Remember, she is talking to Jesus. This time it is for real.
The sun was going down. The color of everything, "field and crimson sky," was
burning with "transparent intensity." At last she was silent, waiting. "Then like a monumental statue coming to life, she bent her head slowly and gazed, as if through the very heart of mystery, down into the pig parlor at the hogs. They had settled all in one corner around the old sow who was grunting wildly. A red glow suffused them. They appeared to pant with a secret life.”
And still she waited, as darkness fell, until finally she raised her hands from the pen in a
gesture upward. "A visionary light settled in her eyes. She saw the [last] streak [of light] as a vast swinging bridge extending upward from the earth through a field of living fire. Upon it a vast horde of souls were rumbling toward heaven. There were whole companies of white-trash,….and of blacks in white robes, and battalions of freaks and lunatics shouting and clapping and leaping like frogs. And bringing up the end of the procession was a tribe of people whom she recognized at once as those who, like herself and Claud, had always had a little of everything and the God-given wit to use it right.

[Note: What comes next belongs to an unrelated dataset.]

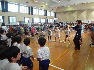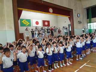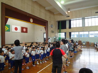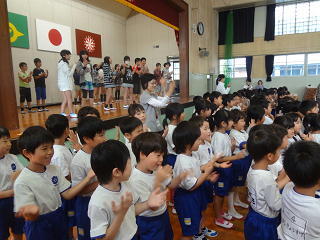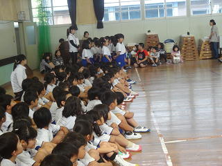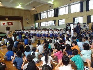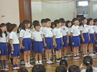 1年生は、歓迎集会のお礼をみんなで声をそろえて精一杯の声で伝えました。その後、上級生からの拍手の中、教室に向かいました。全校一つになった会でみんなの嬉しい表情が印象的でしたよ。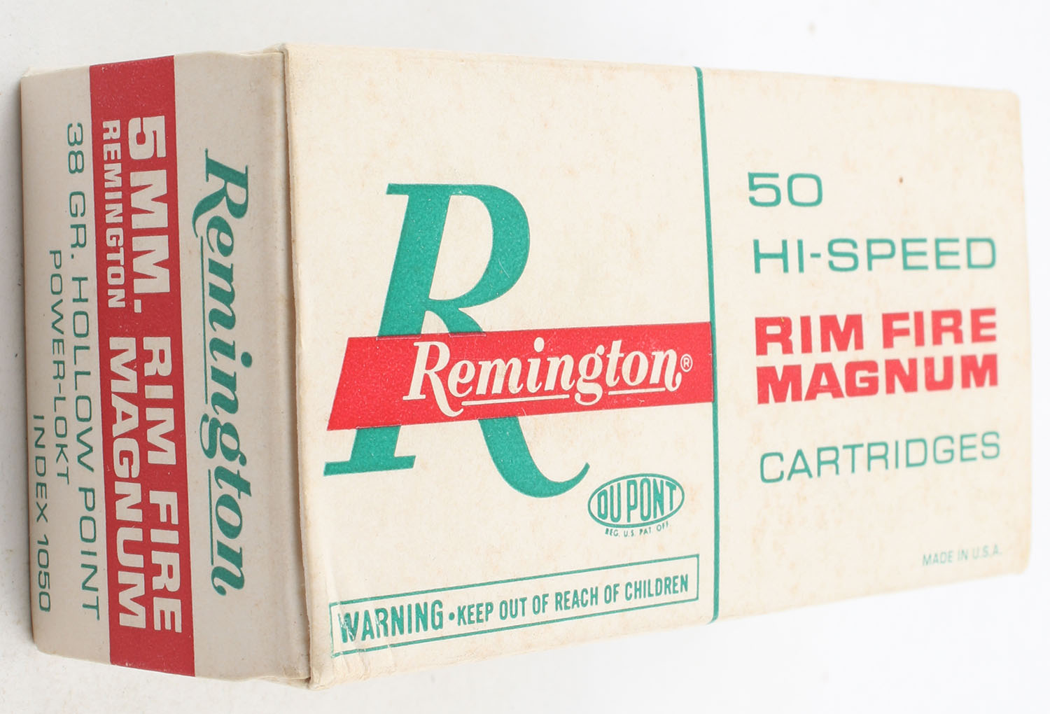 Remington, Hi-Speed, 5mm Remington Rim Fire Magnum, 38 Grain Hollow Point Power-Lokt, Full, 1pc. White red & green box, box is very solid with excellent colors, minor shelf wear, end flaps are solid, ammo is excellent. Grade: Excellent - Value: 40 to 100

SMC sermon – WDNisly – 11/13/05 – p. 5
She leaned forward to observe them closer. They were marching behind the others with great dignity, accountable, as they had always been for good order and common sense and respectable behavior. They alone were on key. Yet she could see by their shocked and altered faces that even their virtues were being burned away. She lowered her hands and gripped the rail of the hog pen, her eyes small but fixed unblinkingly at what lay ahead. In a moment the vision faded but she remained where she was, immobile.
"At
length she got down and turned off the faucet and made her slow way on the
darkening path to the house. In the woods around her the invisible cricket
choruses had struck up, but what she heard
were the voices of the souls climbing upward into the starry field and shouting
hallelujah."
Revelation and Judgment
You do well to hear all of Flannery O’Connor’s “Revelation” to get the fullness of the story. You do well to hear all of Jesus’ Sermon on the Mount to get the fullness of faith. In this story as in Jesus’ sermon is a three-word revelation: “Do not judge.”
Too often judging is
a means of belittling another and judgment
a means of control rather than a
search for truth or act of faith. Judging so easily becomes a way of
bolstering one’s self while belittling another (Richard
Rohr, Jesus’ Plan for a New World: The
Sermon on the Mount, 162.)
Sr. Joan Chittister, OSB, writes a daily reflection called “The Monastic Way” to help us live a whole and holy life. On Friday, this was Joan Chittister’s word of wisdom:
To
judge another without either the experience or evidence that confirms it,
is to draw boundaries around our lives.
Better to be fooled by someone
than
to be cut off by the cancer of unsubstantiated suspicion from the
possibilities the relationships might well
bring. (Friday, November 11, 2005)
Jesus promises in the Sermon, “The way we judge is the way we will be judged.”
How we treat other people is the very heart of Jesus’ teaching
in the Sermon on the Mount. How we treat each other is a specific and essential
principle in the great commandment to love God, self, neighbor and enemy (Brendan Byrne, Lifting
the Burden: Reading Matthew’s Gospel in the Church Today, 69.)
Jesus said, “Do not judge, so that you may not be
judged………...
In
everything do to others as you would have them do to you;
For this is the law and the prophets” (Matthew 7:1 & 12).